* **Try it**:
Output exactly, and only, the lines below from the one with "小型旋輸送機主要有傳動裝置、" down to the one with "Natalia Valdueza contó". Include both end lines and no pictures.

[Records from a dataset]
....
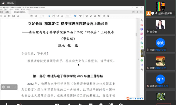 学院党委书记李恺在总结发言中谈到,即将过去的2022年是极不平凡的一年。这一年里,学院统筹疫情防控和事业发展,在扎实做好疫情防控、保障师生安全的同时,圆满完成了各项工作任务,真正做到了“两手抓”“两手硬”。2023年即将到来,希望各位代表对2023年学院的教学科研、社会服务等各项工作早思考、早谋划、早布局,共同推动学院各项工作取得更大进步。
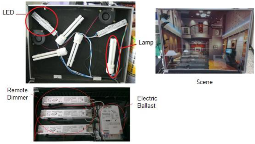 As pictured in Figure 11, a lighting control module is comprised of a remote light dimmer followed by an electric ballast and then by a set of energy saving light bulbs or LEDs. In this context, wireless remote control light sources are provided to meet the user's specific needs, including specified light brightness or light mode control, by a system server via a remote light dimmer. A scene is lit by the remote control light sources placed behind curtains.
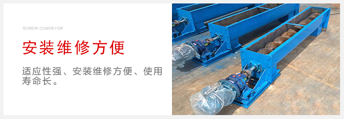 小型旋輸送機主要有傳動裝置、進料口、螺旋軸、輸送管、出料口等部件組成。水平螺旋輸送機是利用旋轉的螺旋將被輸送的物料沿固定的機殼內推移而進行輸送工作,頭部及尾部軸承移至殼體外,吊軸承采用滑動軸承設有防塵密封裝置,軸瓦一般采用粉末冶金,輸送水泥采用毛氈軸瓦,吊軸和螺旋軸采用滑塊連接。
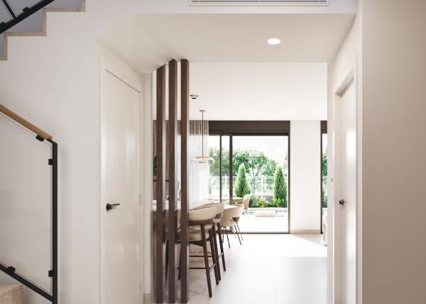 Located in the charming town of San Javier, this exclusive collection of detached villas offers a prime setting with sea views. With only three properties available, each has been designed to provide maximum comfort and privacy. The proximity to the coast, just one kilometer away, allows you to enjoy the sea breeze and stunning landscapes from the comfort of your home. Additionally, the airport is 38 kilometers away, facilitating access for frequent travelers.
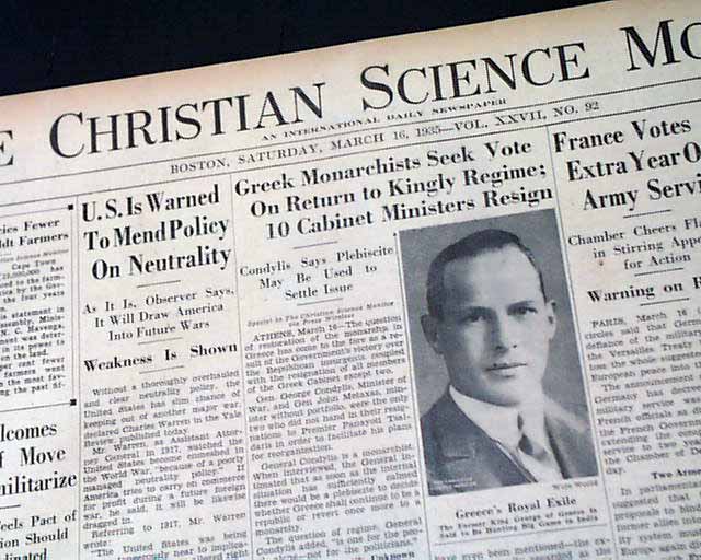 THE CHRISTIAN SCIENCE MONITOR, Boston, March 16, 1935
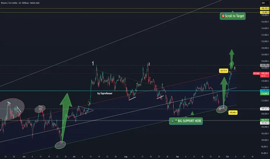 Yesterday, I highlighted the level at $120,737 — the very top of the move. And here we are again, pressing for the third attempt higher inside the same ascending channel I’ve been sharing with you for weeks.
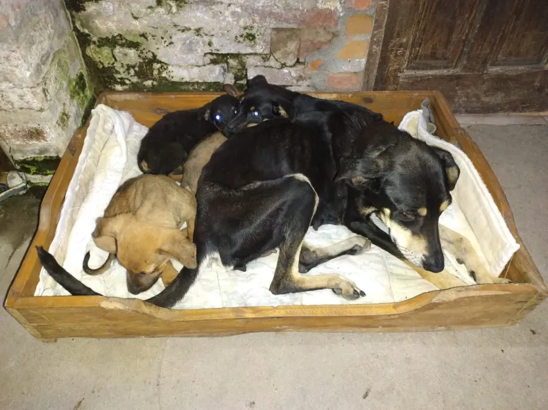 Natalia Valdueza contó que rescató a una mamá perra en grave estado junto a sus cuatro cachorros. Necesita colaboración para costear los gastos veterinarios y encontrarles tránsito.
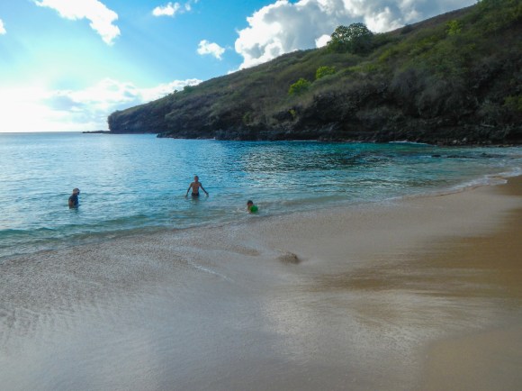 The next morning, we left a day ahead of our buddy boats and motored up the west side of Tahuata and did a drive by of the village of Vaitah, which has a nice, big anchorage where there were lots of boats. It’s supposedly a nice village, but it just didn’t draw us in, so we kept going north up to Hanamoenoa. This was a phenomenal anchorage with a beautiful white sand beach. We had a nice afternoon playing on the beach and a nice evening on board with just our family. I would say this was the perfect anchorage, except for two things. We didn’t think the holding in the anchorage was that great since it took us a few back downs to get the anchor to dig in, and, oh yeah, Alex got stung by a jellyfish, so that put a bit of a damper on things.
....
* **Task response**:
 小型旋輸送機主要有傳動裝置、進料口、螺旋軸、輸送管、出料口等部件組成。水平螺旋輸送機是利用旋轉的螺旋將被輸送的物料沿固定的機殼內推移而進行輸送工作,頭部及尾部軸承移至殼體外,吊軸承采用滑動軸承設有防塵密封裝置,軸瓦一般采用粉末冶金,輸送水泥采用毛氈軸瓦,吊軸和螺旋軸采用滑塊連接。
 Located in the charming town of San Javier, this exclusive collection of detached villas offers a prime setting with sea views. With only three properties available, each has been designed to provide maximum comfort and privacy. The proximity to the coast, just one kilometer away, allows you to enjoy the sea breeze and stunning landscapes from the comfort of your home. Additionally, the airport is 38 kilometers away, facilitating access for frequent travelers.
 THE CHRISTIAN SCIENCE MONITOR, Boston, March 16, 1935
 Yesterday, I highlighted the level at $120,737 — the very top of the move. And here we are again, pressing for the third attempt higher inside the same ascending channel I’ve been sharing with you for weeks.
 Natalia Valdueza contó que rescató a una mamá perra en grave estado junto a sus cuatro cachorros. Necesita colaboración para costear los gastos veterinarios y encontrarles tránsito.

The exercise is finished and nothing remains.